「私もよ]

知らないふりをして笑みを浮かべた。

マークはあたしの頬に軽くキスをして、手を振って出て行った。


[セブさん!今日はどこに行く?]

[あまり遊びすぎると、マーク様に怒られますよ?]

ドアから顔を出すと、いつも無表情のセブさんが少しだけ表情を緩めた。

サイレンが聞こえたあの日から、あたしはセブさんと随分仲良くなった。

あの夜から、あたしは時々夜更かしをするようになって。

そこで、少しずつ話すようになって、セブさんが出勤する日はこうやって決まり事のようにどこかに遊びに行く。

あ、そういえば。

あたしはそこでようやく靴をもらったんだ。

今までなかった靴。

ここにきた時履いていた、履き古した低めのヒールの白のパンプスは、いつのまにかマークに捨てられていて。

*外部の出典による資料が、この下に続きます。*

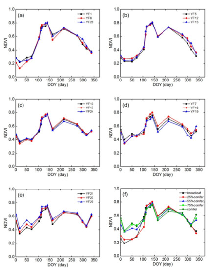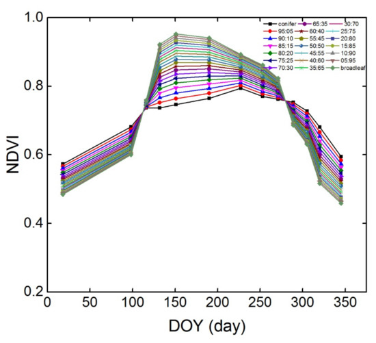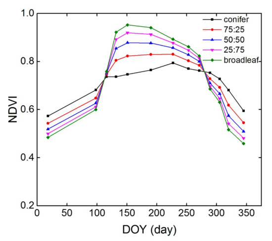The conifer-broadleaf ratio discussed in this paper is only applicable to dense forests, i.e., where the canopy is almost closed, broadleaved forests in addition to coniferous forests exist in the pixels, and evergreen broadleaf and deciduous conifers are not considered. Additionally, although the conifer-broadleaf ratio remained constant throughout the year, it could not be estimated based on single-phase images. This is because the spectral characteristics corresponding to different conifer-broadleaf ratios in a single image were highly similar. Effectively distinguishing the spectral characteristics is difficult, especially in multispectral remote sensing studies. Therefore, temporal variations in VI characteristics, such as the NDVI, were considered because the composition of conifers and broad-leaved trees, as well as their temporal variation, in a pixel, was different.
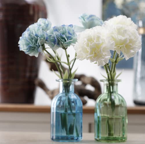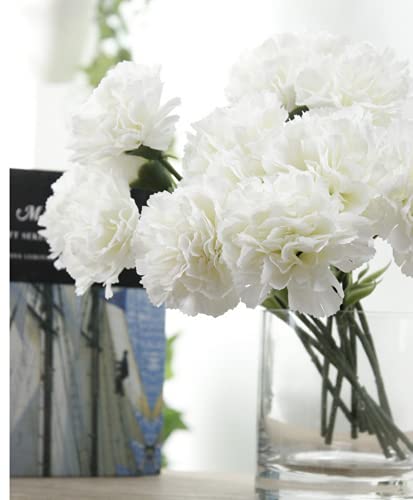 Rikyo - باقات جذوع قرنفل مقاس 28 سم، زهور صناعية مقاومة للأشعة فوق البنفسجية ولا تبهت، بتلات صغيرة من حرير القرنفل، نباتات أبدية لدعائم الصور وديكور المنزل وحفلات الزفاف (أبيض، 10 جذوع)
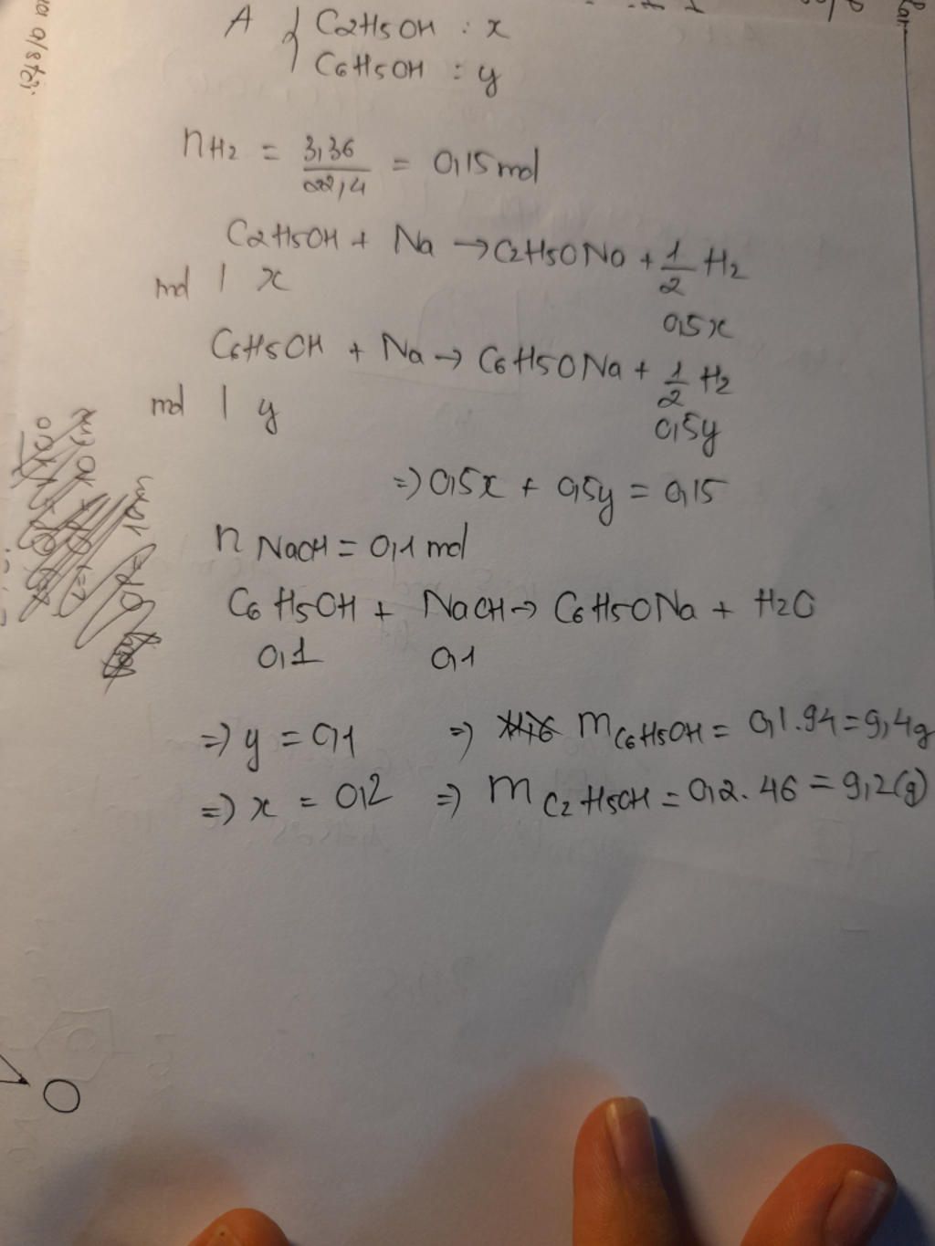 {n_{{H_2}(2)}} = \dfrac{{{n_{{C_6}{H_5}OH}}}}{2} = 0,05mol\\

替わりにともらったのは15センチほどの黒いハイヒール。

そんな靴履いたことがなかったから、部屋の中で練習したものだ。


最近はマークが忙しくて、あまり構ってくれないから、その分自然とセブさんと会う時間が多くなった。

あたしがマークにセブさんの状況を伝えてからセブさんの他ににも監視員さんが増えて、監視の担当の順番が多くは回って来なくなったので、その分セブさんと会う機会はそれほど多くはないけれど。

マークに縛られる日々の中で気の許せる人が出来たのは救いだった。

[平気よ!だって私、マークに怒られたこと一度もないもの]

[それはワカナ様には怒りませんよ。マーク様はワカナ様に甘いですからね]

[じゃあ、セブさんには怒っているの?]

[まあ、…ないわけではありませんね]

[それってあるってこと?じゃあ、これからは時々にしとく!時々遊ぶくらいなら、マークだって怒らないでしょう?]

微笑みを返したセブさんは、それ以上は何も言わなかった。